The exact reasons for their eventual disappearance remain a matter of speculation. Theories range from their destruction by combined forces of eastern tribes and the Pawnee, to the devastating impact of disease. As a distinct nation, they faded from the historical record, though some scholars believe the roving bands of Kiowa and Kaskaia, whose language is distinct from Dakota and who long hunted in the former Padouca territories from their Black Hills haunts, might represent the last remnants of this once-great nation.

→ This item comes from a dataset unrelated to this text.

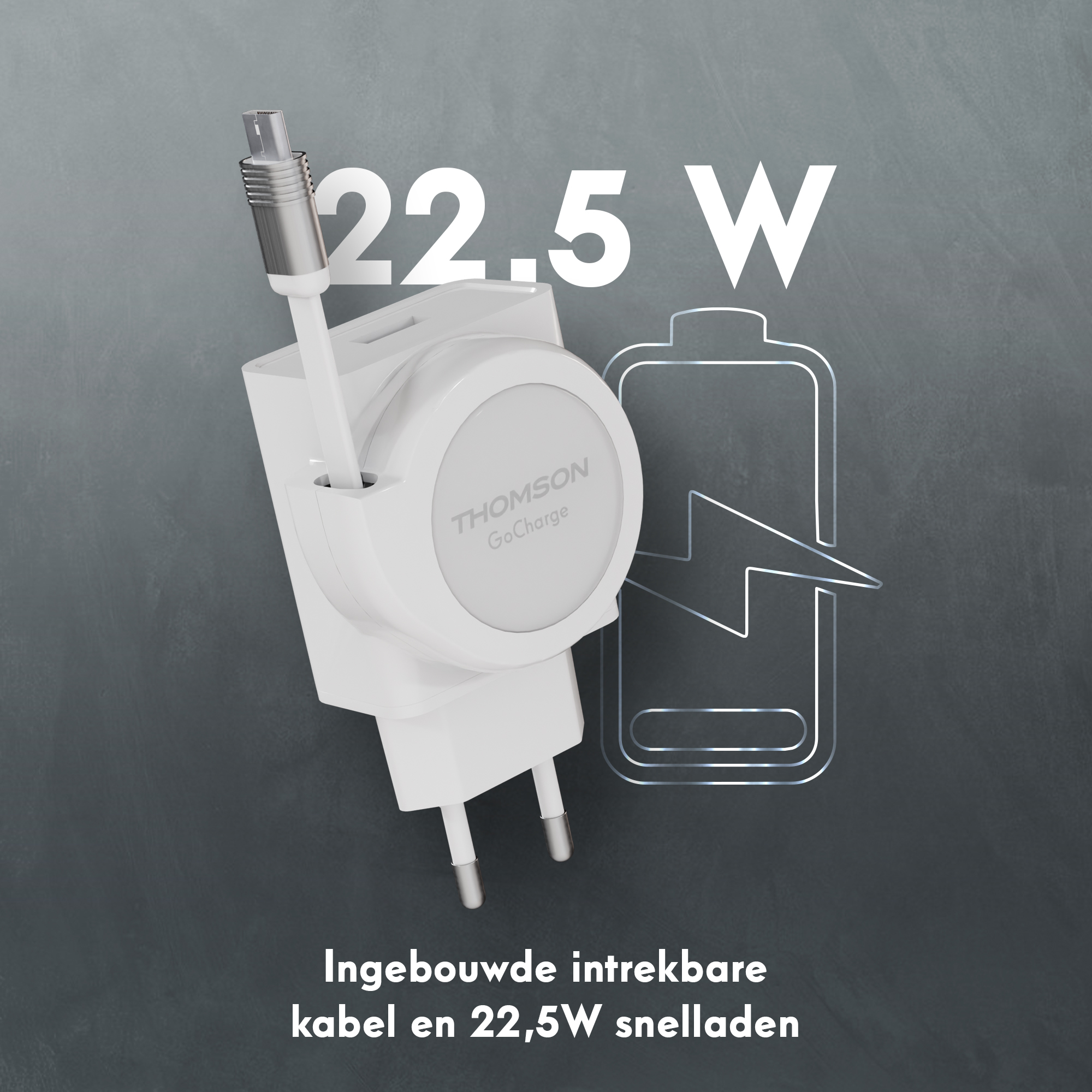 Snel, flexibel en direct klaar voor gebruik. Blijf thuis, op het werk of onderweg van stroom voorzien met de compacte en efficiënte Thomson GoCharge E22AC. Deze is ontworpen met het oog op gebruiksgemak en beschikt over een intrekbare kabel van 90 cm die in zes verschillende lengtes kan worden ingesteld, zodat u geen last heeft van rommelige kabels en uw ruimte netjes blijft.
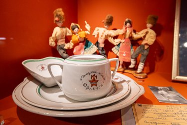 5. Предметы столового сервиза с изображением первого значка Орлёнка, который накрывался на стол в дни самых торжественных событий.

The Apache Hypothesis: George Bird Grinnell’s Conclusion
In 1920, the renowned American anthropologist and historian George Bird Grinnell offered a compelling perspective on the Padouca’s true identity. After extensive study, Grinnell concluded: “The evidence is not conclusive as to who the Padouca were, but it convinces me that the Padouca were not Comanche, and I am disposed to regard them as Apache.” This statement powerfully reinforces the long-standing debate and points towards the Apache as the most likely cultural and linguistic descendants or direct ancestors of the mysterious Padouca Indians, bringing some clarity to their elusive historical footprint.